Thousands of activists and supporters of former prime minister Khaleda Zia’s Bangladesh’s Nationalist Party (BNP) and its 17 allies, many with red headband, joined their hands and stood on one side of many major Dhaka streets for an hour.
Police and party sources said the anti-government demonstrations were peaceful in Dhaka and elsewhere in the country.
“People through the human walls demonstrated their no- confidence in the government,” Tariqul Islam, spokesman of BNP, said.
He said the government, which pushed the country to the brink of collapse through “looting, corruption and misrule”, should immediately meet the opposition demand for restoration of the non- party caretaker government system.
He said the alliance was trying to save people from the misrule of the government and set them free from anarchic situation now prevailing in the country where there is now “besieged democracy”.
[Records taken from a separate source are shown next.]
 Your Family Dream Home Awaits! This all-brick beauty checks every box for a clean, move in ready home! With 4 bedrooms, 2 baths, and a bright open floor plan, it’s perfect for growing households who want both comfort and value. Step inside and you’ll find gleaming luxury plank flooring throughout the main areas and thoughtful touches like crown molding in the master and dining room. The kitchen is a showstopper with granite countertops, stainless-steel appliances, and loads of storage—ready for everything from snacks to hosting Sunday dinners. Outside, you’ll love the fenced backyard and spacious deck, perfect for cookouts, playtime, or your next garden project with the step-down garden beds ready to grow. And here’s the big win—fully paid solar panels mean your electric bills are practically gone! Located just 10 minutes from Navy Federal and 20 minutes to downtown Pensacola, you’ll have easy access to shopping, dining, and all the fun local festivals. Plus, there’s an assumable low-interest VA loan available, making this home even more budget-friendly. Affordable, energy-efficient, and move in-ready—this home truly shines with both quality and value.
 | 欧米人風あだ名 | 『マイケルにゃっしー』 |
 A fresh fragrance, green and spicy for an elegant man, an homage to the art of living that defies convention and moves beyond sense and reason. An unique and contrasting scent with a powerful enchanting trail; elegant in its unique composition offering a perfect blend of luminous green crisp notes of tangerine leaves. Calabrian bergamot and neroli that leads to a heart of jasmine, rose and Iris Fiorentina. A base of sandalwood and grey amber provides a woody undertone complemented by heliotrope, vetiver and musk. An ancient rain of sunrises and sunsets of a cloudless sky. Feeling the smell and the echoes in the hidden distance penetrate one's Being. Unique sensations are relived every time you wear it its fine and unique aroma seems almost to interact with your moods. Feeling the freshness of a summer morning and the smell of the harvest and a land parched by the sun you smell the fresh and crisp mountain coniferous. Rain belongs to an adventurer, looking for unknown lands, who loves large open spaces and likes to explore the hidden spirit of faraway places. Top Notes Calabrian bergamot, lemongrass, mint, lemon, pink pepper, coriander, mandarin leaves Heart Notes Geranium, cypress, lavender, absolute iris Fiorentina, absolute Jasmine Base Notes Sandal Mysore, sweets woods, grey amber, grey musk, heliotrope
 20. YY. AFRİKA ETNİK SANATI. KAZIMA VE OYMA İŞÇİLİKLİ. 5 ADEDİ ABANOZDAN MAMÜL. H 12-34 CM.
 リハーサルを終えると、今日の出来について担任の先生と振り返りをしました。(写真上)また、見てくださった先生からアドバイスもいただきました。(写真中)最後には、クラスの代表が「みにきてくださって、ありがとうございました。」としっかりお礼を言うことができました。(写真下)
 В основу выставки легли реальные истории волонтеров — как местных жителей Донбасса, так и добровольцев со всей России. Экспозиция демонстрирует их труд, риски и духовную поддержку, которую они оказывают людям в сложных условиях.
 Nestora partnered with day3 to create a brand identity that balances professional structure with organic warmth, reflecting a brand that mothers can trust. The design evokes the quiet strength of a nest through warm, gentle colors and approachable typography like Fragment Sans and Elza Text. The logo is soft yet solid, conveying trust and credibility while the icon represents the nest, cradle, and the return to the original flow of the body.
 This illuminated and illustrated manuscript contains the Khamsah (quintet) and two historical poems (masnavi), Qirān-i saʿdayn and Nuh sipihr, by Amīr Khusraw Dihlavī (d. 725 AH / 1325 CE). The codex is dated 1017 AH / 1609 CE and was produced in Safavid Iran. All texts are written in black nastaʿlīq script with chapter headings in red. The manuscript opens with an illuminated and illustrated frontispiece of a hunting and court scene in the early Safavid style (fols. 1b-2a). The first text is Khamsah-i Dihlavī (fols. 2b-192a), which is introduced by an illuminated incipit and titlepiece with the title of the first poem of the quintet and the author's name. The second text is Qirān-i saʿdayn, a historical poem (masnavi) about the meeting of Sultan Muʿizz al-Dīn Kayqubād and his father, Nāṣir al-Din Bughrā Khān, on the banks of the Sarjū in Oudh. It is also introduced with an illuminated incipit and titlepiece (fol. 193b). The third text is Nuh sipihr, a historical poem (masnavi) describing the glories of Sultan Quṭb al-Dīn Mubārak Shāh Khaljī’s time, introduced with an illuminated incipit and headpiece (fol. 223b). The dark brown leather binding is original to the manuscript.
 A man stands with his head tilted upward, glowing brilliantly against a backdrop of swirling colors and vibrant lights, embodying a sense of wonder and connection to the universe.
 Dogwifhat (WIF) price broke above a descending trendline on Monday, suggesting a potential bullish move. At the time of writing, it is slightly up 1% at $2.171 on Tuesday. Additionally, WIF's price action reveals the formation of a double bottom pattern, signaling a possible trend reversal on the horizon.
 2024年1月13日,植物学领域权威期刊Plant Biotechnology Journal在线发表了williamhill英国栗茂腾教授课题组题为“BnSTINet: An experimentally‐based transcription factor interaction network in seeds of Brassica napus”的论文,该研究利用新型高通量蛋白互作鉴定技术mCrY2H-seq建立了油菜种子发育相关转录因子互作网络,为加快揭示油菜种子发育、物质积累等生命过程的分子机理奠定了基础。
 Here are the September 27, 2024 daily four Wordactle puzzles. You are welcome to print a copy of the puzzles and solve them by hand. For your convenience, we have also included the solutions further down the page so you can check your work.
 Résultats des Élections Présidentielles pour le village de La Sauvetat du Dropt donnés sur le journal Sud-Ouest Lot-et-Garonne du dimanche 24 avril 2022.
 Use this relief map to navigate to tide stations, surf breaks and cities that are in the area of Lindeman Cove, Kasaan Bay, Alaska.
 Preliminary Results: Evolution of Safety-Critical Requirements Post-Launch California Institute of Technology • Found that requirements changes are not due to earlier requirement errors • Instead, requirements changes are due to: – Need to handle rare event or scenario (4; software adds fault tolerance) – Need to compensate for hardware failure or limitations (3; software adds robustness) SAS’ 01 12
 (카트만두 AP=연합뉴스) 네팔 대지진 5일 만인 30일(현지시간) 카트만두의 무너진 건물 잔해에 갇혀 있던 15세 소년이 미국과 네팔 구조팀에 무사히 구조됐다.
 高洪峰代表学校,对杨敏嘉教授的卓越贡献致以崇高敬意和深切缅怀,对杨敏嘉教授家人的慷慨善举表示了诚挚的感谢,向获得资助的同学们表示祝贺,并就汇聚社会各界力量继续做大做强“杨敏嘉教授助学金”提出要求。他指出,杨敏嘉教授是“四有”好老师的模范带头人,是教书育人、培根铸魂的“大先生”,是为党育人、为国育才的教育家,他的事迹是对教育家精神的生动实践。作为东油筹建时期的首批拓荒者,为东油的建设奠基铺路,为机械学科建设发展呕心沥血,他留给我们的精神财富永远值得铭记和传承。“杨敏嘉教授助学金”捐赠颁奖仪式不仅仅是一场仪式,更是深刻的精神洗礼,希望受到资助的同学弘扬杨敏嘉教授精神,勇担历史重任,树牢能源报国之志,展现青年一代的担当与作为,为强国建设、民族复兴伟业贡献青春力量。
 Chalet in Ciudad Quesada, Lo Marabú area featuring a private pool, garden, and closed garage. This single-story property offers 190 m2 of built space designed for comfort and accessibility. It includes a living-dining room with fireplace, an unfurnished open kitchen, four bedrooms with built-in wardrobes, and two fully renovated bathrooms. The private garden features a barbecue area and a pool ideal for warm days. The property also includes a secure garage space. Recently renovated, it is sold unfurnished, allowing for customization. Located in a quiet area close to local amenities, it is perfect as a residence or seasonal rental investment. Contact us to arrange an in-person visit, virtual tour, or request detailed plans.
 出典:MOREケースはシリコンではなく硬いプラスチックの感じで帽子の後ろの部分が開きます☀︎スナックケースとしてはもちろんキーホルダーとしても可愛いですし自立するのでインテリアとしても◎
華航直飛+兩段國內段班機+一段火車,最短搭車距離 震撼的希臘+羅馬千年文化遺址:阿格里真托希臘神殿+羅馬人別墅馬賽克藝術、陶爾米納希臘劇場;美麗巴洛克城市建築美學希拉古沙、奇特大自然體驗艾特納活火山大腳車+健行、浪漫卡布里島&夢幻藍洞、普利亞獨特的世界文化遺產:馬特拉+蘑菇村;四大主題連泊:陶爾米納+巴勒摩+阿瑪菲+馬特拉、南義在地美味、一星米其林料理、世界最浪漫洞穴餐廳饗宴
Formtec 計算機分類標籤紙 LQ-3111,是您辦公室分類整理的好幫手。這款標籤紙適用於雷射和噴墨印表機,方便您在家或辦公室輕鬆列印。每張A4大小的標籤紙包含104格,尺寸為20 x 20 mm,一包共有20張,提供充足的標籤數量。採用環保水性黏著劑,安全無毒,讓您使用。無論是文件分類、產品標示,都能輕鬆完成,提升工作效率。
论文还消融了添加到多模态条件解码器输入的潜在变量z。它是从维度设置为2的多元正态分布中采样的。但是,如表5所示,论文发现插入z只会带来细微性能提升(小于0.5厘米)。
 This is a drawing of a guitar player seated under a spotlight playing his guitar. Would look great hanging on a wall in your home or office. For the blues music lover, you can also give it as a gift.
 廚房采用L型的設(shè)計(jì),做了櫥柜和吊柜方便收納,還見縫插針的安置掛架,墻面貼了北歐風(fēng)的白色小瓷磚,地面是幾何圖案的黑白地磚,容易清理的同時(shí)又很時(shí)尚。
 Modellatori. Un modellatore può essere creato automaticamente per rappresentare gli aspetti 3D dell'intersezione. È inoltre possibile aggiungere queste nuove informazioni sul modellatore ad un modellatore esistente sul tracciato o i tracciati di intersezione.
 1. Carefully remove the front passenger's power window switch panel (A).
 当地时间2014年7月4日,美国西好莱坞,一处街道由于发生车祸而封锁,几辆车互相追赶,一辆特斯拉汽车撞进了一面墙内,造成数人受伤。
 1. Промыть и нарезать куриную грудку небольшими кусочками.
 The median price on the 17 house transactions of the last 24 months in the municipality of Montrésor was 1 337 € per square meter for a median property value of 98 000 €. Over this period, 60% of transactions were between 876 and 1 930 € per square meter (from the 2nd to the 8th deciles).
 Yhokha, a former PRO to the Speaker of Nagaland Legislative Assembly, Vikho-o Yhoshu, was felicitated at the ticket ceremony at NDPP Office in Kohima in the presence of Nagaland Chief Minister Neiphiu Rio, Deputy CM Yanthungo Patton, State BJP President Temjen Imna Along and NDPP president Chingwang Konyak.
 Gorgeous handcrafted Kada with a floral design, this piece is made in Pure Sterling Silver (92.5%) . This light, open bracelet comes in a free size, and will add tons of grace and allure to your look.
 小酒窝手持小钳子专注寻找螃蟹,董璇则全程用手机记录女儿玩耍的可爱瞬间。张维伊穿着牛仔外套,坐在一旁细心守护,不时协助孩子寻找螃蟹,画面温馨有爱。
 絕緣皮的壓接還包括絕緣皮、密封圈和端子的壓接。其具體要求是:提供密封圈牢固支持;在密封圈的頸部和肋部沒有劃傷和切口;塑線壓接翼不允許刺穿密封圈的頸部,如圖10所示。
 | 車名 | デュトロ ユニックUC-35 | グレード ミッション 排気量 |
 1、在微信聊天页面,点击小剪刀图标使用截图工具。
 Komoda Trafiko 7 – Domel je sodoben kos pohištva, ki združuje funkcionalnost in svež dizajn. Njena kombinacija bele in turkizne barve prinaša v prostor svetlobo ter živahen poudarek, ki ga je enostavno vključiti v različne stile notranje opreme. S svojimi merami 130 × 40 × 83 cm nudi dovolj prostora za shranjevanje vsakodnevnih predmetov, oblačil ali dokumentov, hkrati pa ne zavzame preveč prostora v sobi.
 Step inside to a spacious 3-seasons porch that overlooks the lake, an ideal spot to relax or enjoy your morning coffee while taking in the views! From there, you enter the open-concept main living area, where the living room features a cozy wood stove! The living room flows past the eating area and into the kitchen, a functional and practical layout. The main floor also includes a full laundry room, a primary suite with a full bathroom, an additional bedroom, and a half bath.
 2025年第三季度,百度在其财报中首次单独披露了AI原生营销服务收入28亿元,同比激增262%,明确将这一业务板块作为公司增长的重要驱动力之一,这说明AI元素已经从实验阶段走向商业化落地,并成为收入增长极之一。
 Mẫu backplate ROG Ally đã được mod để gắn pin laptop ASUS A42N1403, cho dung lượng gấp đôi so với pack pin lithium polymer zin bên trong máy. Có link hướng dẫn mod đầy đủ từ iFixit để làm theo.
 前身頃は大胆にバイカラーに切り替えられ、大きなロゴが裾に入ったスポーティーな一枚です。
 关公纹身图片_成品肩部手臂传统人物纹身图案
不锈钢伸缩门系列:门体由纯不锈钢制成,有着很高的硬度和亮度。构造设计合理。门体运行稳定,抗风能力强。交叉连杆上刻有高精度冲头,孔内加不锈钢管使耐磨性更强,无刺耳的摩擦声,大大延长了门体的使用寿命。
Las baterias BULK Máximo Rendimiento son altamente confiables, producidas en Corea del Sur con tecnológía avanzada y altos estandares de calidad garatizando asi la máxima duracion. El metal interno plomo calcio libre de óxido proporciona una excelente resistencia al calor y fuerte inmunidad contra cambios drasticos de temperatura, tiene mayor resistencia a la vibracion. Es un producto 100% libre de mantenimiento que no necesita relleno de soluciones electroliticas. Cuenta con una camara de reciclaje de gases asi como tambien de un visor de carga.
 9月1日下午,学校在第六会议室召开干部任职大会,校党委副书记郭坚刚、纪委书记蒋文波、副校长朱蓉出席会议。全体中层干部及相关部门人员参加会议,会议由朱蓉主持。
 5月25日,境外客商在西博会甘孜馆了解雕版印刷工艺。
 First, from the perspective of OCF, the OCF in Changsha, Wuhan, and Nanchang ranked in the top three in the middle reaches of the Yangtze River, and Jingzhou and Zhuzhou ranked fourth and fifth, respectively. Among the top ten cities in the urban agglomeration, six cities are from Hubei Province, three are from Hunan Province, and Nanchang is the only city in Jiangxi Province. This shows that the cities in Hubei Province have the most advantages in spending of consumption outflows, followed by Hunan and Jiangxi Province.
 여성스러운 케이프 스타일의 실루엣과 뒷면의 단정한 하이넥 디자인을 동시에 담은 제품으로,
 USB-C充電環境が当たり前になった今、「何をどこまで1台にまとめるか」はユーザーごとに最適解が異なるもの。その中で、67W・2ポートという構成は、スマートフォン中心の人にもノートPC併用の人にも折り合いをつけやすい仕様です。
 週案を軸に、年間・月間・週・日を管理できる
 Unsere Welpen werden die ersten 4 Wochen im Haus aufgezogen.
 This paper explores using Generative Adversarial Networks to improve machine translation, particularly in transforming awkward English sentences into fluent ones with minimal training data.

The opposition protesters carried banners and placards demanding withdrawal of “false” cases filed against Zia’s elder son Tarique Rahman, also BNP’s senior vice-chairman, who has been in London since he was released on parole in 2008.
They also demanded release of the party’s acting secretary general Mirza Fakhrul Islam Alamgir whose bail petition was rejected by a magistrate court on December 11.
BNP and its allies had called a series of strikes earlier to protest against the annulment of the caretaker government system.
Zia has threatened to enforce a non-stop strike if Hasina’s government does not respond to her alliance’s demand for restoration of the caretaker system.